In short: Under the Trump administration, the country is simultaneously collecting less data and promoting conditions that leave LGBT patients wary of their healthcare providers. “These patients already face significant obstacles to accessing medical care, and I fear implementation of these measures will only make these obstacles worse,” says Stanley Vance, a pediatrician at University of California San Francisco and an expert in the care of gender nonconforming youth. “I also worry that these measures will be an institutionalized form of discrimination against patients who have been identified as a sexual minority or transgender who freely come out to their providers or through information previously entered in electronic medical records.”
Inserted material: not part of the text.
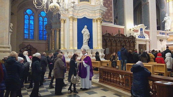 Po dienos darbų susirinkusieji į vakaro šv. Mišias Kauno arkikatedroje taip pat rikiavosi į gausias eiles priimti atgailos ir atsivertimo ženklo – pabarstymo pelenais, kuriuos liturgijoje pašventino su arkivyskupijos bendruomene pirmąją gavėnią pradedantis popiežiaus Pranciškaus apaštaliniu administratoriumi paskirtas vyskupas Algirdas Jurevičius.

Even when physicians don’t overtly discriminate against gay and transgender patients, negative health care experiences are routine. Many physicians simply don’t think to consider a patient’s SO/GI—information they can use to not only respect their patients, but screen them for family rejection, which studies show increases the risk for depression, suicide, and high-risk sexual behaviors. Failing to acknowledge a patient’s SO/GI can compound the ill effects of social stigma and inaccessibility to care like hormone therapy or gender affirmation surgery. “Across the board, LGBT patients are the group least likely to come back for further care,” Callahan says. “And that often happens because of ways they are dismissed as not existing.”
Of course, the reality is that LGBT people do exist, they’re entitled to equitable services and care, and they deserve to be counted—sometimes literally. “It really shouldn’t be political, you know? It shouldn’t be a partisan issue,” Cahill says. “It’s about science and data and providing quality care to all patients.”